Prompt
In the records below, find the line that contains "CERANO - Kúpeľňová" and the line that contains "圖為團(tuán)隊(duì)成員參與茯苓養(yǎng)護(hù)采收過程。"; write out exactly those two lines and everything between them, without the pictures.

Supplied entries
= Beginning of Section =

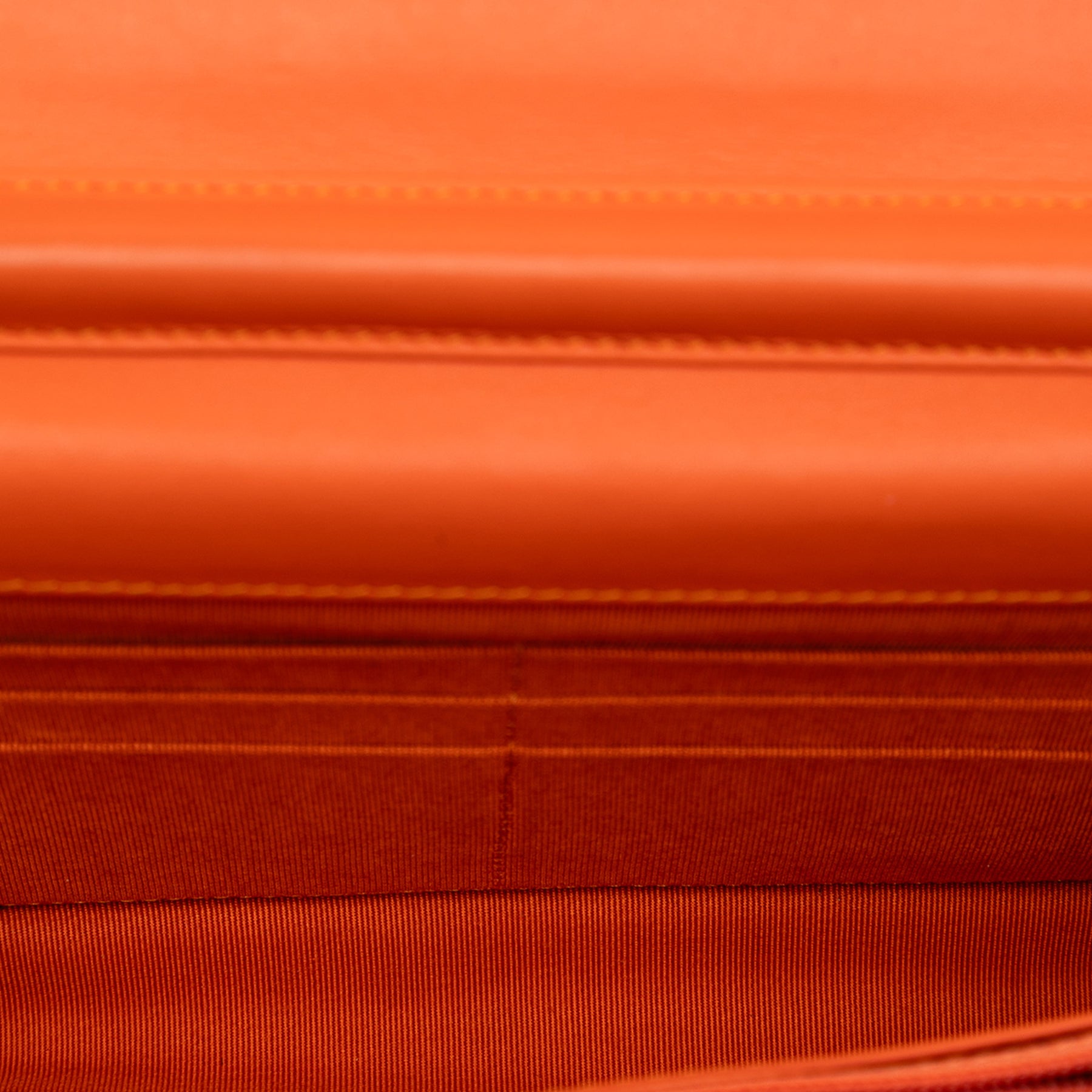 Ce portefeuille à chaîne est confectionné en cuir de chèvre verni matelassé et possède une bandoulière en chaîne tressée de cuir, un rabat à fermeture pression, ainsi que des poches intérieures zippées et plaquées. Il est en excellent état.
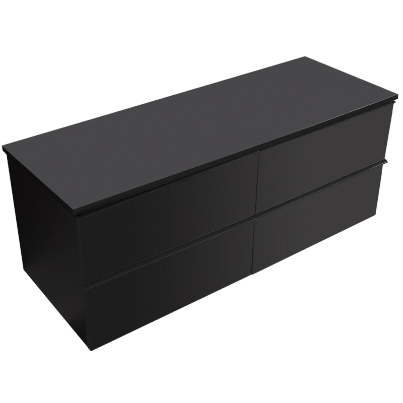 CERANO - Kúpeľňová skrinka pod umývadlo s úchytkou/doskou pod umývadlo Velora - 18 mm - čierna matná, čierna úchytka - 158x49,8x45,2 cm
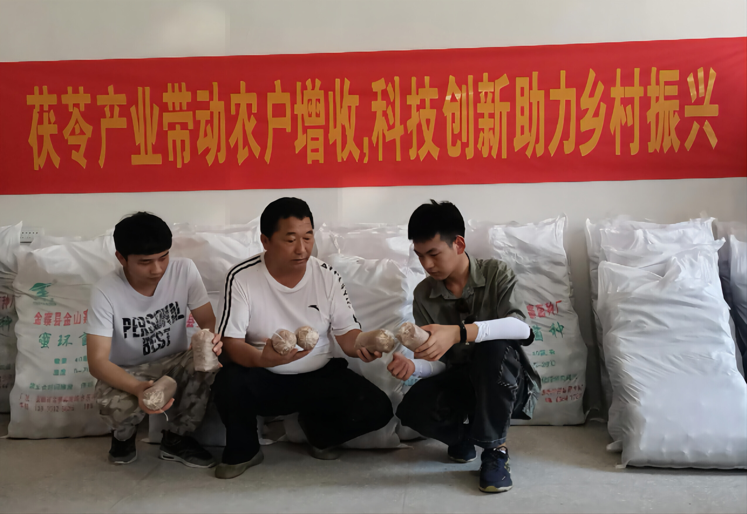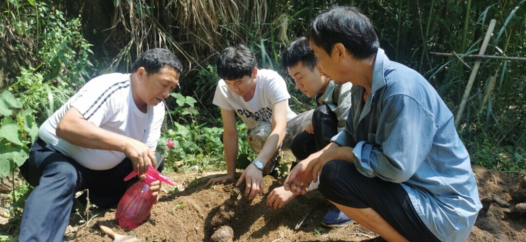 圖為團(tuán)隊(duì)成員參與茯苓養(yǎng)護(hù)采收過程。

= End of Section =
= Beginning of Section =

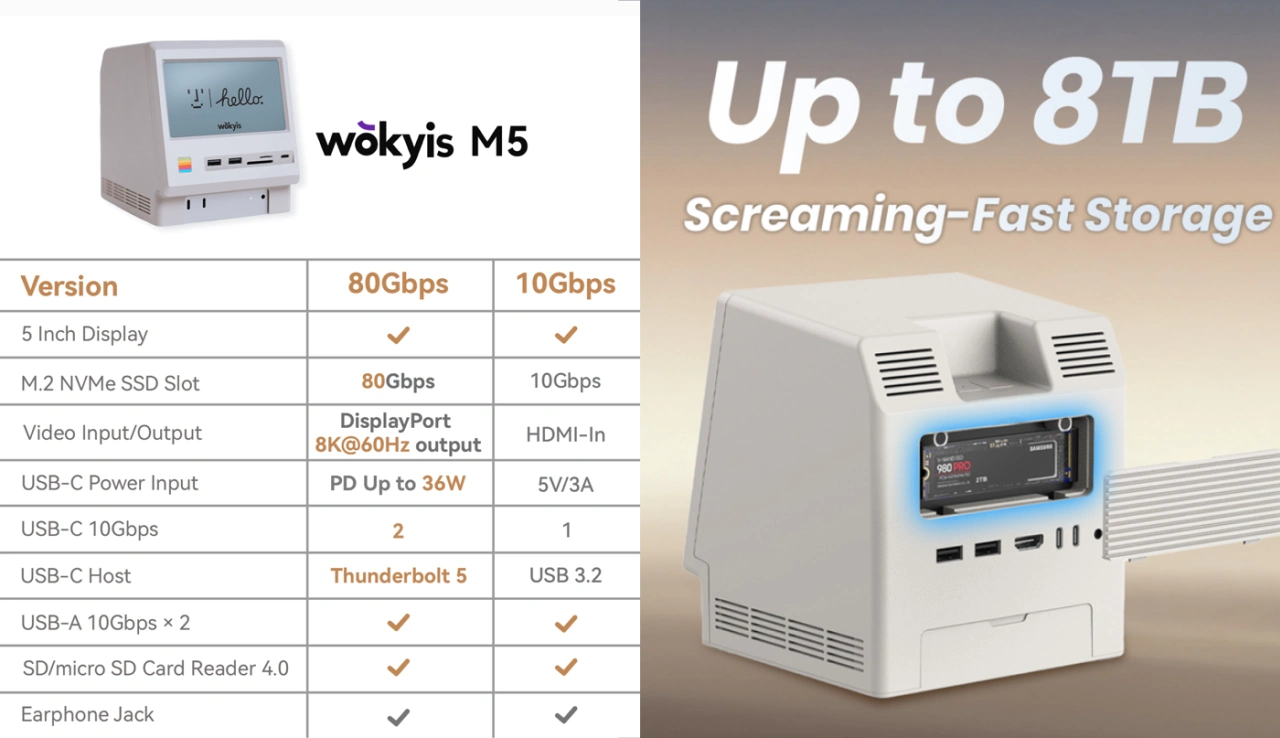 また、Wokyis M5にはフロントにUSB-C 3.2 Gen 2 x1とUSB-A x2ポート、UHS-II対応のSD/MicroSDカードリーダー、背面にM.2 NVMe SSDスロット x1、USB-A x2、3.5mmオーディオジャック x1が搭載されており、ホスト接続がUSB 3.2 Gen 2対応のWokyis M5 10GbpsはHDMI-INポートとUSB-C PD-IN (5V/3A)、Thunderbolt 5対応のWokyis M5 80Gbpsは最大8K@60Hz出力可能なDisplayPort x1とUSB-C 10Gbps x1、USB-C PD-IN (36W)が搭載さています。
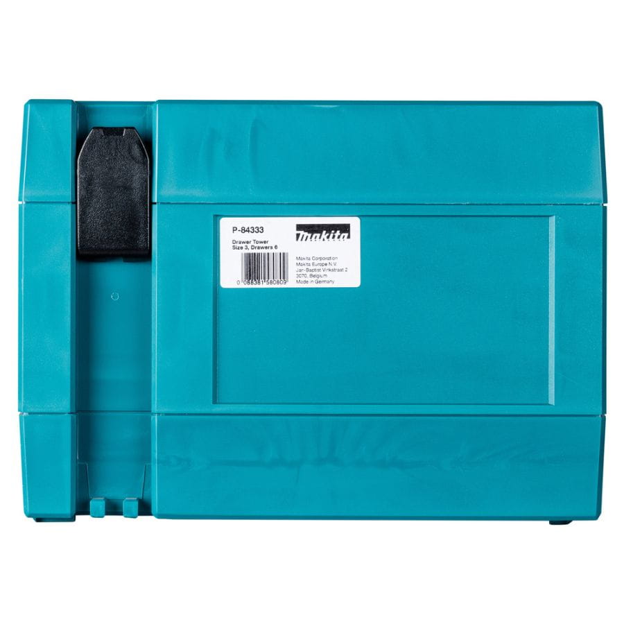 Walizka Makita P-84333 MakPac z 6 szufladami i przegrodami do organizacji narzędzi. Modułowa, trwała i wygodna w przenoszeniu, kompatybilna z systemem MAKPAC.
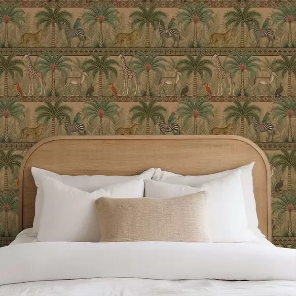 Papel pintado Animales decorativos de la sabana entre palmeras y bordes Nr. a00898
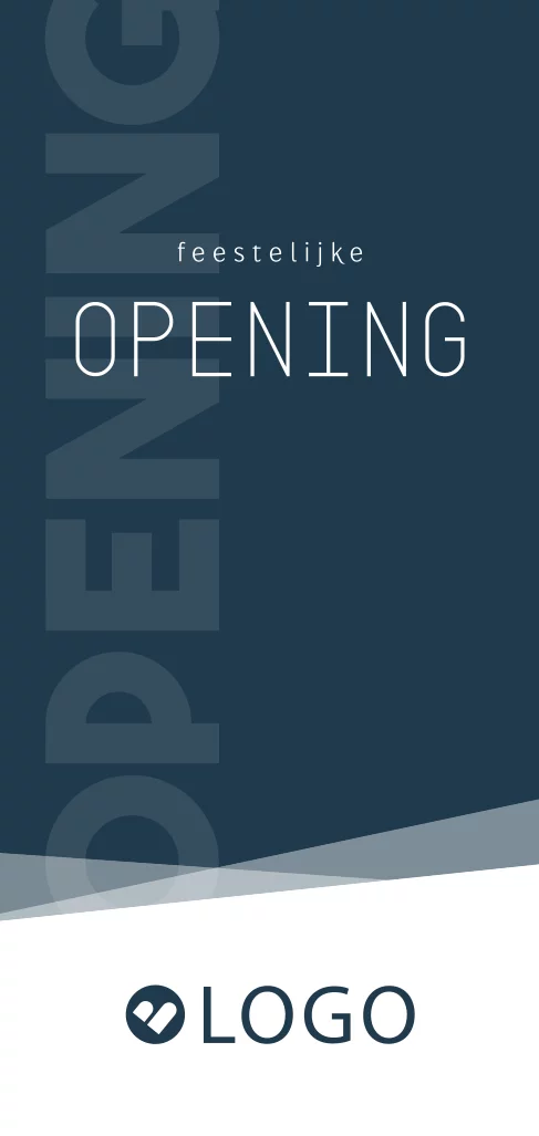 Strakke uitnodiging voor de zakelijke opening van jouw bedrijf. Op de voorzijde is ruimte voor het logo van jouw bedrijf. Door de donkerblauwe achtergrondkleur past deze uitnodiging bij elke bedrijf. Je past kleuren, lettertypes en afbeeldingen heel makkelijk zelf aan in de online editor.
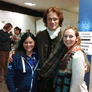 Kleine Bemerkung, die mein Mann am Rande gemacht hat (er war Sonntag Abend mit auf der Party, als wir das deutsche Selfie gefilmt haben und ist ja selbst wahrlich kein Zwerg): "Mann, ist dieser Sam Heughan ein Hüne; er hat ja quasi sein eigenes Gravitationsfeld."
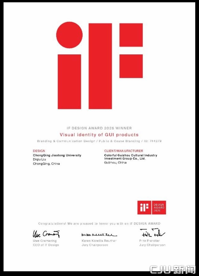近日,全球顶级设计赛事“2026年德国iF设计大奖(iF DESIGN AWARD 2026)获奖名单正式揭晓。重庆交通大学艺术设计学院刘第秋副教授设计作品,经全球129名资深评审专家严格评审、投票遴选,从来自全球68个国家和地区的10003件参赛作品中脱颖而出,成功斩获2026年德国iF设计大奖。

= End of Section =
= Beginning of Section =

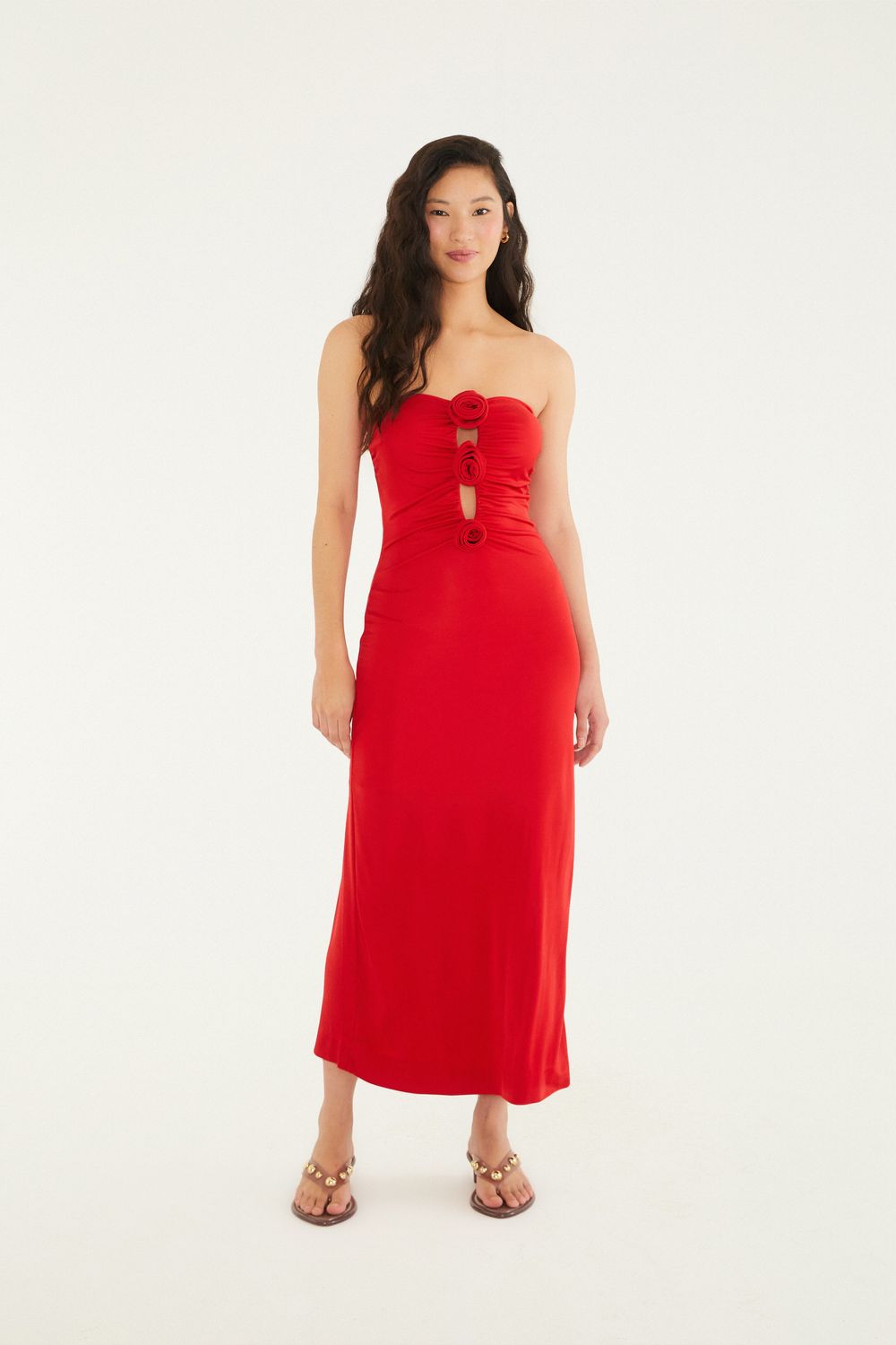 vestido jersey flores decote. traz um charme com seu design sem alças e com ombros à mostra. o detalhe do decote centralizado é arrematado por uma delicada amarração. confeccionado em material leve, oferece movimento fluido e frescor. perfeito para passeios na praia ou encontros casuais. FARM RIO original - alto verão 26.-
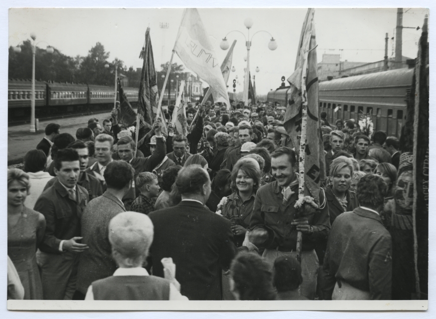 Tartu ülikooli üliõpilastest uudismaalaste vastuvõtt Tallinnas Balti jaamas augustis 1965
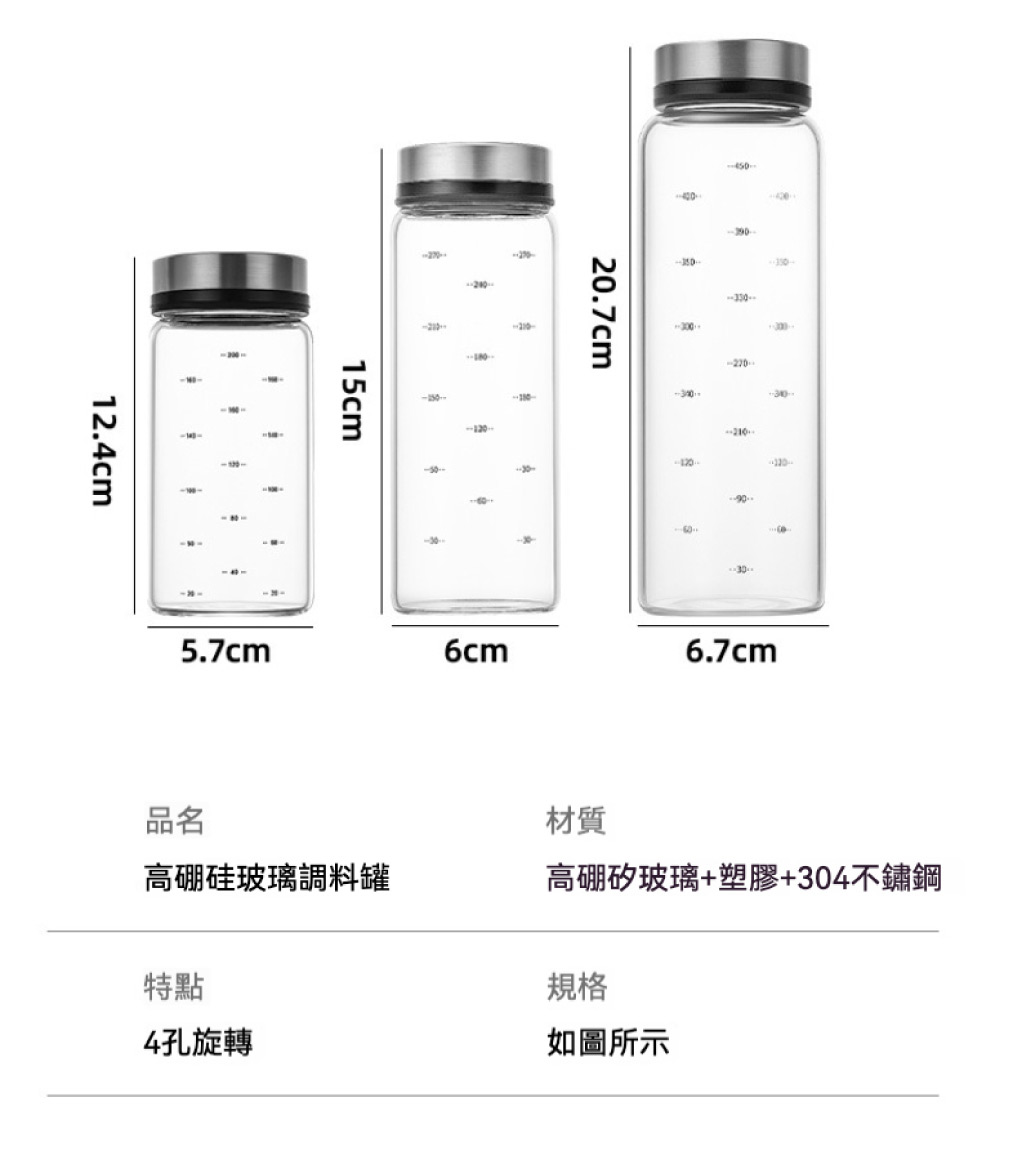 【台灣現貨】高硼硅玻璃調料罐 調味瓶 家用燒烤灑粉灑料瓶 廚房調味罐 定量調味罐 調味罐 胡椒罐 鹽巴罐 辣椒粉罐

= End of Section =

Result of the exercise
 CERANO - Kúpeľňová skrinka pod umývadlo s úchytkou/doskou pod umývadlo Velora - 18 mm - čierna matná, čierna úchytka - 158x49,8x45,2 cm
 圖為團(tuán)隊(duì)成員參與茯苓養(yǎng)護(hù)采收過程。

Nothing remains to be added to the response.